> [What you have to do]: Go through the listing and write out each line exactly.
:::::
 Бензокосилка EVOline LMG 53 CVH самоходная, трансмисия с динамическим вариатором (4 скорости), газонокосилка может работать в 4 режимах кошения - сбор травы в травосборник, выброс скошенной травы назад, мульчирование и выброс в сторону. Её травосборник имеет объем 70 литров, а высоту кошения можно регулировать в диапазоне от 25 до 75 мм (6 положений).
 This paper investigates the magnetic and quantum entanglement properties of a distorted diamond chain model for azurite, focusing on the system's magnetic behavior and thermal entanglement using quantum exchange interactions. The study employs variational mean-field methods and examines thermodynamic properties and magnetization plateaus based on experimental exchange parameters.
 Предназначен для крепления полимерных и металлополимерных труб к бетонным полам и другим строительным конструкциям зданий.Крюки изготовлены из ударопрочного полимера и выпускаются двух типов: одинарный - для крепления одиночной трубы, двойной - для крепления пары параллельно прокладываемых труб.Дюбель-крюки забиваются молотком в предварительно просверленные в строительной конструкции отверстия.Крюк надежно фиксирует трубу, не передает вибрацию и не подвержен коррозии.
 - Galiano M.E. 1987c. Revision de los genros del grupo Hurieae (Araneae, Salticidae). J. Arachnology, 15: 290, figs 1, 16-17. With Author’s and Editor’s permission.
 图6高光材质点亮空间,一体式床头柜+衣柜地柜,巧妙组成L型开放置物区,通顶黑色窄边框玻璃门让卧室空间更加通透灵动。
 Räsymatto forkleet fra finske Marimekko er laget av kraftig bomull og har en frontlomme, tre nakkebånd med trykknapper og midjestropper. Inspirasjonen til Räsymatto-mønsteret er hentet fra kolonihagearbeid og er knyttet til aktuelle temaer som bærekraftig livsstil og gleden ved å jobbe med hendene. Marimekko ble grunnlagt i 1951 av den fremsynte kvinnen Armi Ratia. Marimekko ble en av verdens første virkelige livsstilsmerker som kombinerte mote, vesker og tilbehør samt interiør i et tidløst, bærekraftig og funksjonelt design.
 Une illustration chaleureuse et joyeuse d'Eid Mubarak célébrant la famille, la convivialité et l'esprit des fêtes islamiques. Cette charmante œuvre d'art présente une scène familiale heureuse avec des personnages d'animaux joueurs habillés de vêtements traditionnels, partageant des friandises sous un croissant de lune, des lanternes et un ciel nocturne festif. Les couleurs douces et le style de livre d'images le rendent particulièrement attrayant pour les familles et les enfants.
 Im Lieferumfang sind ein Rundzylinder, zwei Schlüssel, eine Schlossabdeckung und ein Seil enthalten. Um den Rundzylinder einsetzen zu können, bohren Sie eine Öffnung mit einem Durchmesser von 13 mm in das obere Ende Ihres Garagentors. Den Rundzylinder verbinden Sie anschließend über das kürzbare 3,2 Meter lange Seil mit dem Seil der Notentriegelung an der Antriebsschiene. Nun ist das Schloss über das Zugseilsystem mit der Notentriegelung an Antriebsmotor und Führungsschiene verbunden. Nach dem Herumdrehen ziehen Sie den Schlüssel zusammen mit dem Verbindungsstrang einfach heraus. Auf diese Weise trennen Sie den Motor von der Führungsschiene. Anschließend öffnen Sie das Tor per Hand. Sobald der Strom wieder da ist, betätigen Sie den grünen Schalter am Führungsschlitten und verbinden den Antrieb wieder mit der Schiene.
:::::
> [The answer]:
 Бензокосилка EVOline LMG 53 CVH самоходная, трансмисия с динамическим вариатором (4 скорости), газонокосилка может работать в 4 режимах кошения - сбор травы в травосборник, выброс скошенной травы назад, мульчирование и выброс в сторону. Её травосборник имеет объем 70 литров, а высоту кошения можно регулировать в диапазоне от 25 до 75 мм (6 положений).
 This paper investigates the magnetic and quantum entanglement properties of a distorted diamond chain model for azurite, focusing on the system's magnetic behavior and thermal entanglement using quantum exchange interactions. The study employs variational mean-field methods and examines thermodynamic properties and magnetization plateaus based on experimental exchange parameters.
 Предназначен для крепления полимерных и металлополимерных труб к бетонным полам и другим строительным конструкциям зданий.Крюки изготовлены из ударопрочного полимера и выпускаются двух типов: одинарный - для крепления одиночной трубы, двойной - для крепления пары параллельно прокладываемых труб.Дюбель-крюки забиваются молотком в предварительно просверленные в строительной конструкции отверстия.Крюк надежно фиксирует трубу, не передает вибрацию и не подвержен коррозии.
 - Galiano M.E. 1987c. Revision de los genros del grupo Hurieae (Araneae, Salticidae). J. Arachnology, 15: 290, figs 1, 16-17. With Author’s and Editor’s permission.
 图6高光材质点亮空间,一体式床头柜+衣柜地柜,巧妙组成L型开放置物区,通顶黑色窄边框玻璃门让卧室空间更加通透灵动。
 Räsymatto forkleet fra finske Marimekko er laget av kraftig bomull og har en frontlomme, tre nakkebånd med trykknapper og midjestropper. Inspirasjonen til Räsymatto-mønsteret er hentet fra kolonihagearbeid og er knyttet til aktuelle temaer som bærekraftig livsstil og gleden ved å jobbe med hendene. Marimekko ble grunnlagt i 1951 av den fremsynte kvinnen Armi Ratia. Marimekko ble en av verdens første virkelige livsstilsmerker som kombinerte mote, vesker og tilbehør samt interiør i et tidløst, bærekraftig og funksjonelt design.
 Une illustration chaleureuse et joyeuse d'Eid Mubarak célébrant la famille, la convivialité et l'esprit des fêtes islamiques. Cette charmante œuvre d'art présente une scène familiale heureuse avec des personnages d'animaux joueurs habillés de vêtements traditionnels, partageant des friandises sous un croissant de lune, des lanternes et un ciel nocturne festif. Les couleurs douces et le style de livre d'images le rendent particulièrement attrayant pour les familles et les enfants.
 Im Lieferumfang sind ein Rundzylinder, zwei Schlüssel, eine Schlossabdeckung und ein Seil enthalten. Um den Rundzylinder einsetzen zu können, bohren Sie eine Öffnung mit einem Durchmesser von 13 mm in das obere Ende Ihres Garagentors. Den Rundzylinder verbinden Sie anschließend über das kürzbare 3,2 Meter lange Seil mit dem Seil der Notentriegelung an der Antriebsschiene. Nun ist das Schloss über das Zugseilsystem mit der Notentriegelung an Antriebsmotor und Führungsschiene verbunden. Nach dem Herumdrehen ziehen Sie den Schlüssel zusammen mit dem Verbindungsstrang einfach heraus. Auf diese Weise trennen Sie den Motor von der Führungsschiene. Anschließend öffnen Sie das Tor per Hand. Sobald der Strom wieder da ist, betätigen Sie den grünen Schalter am Führungsschlitten und verbinden den Antrieb wieder mit der Schiene.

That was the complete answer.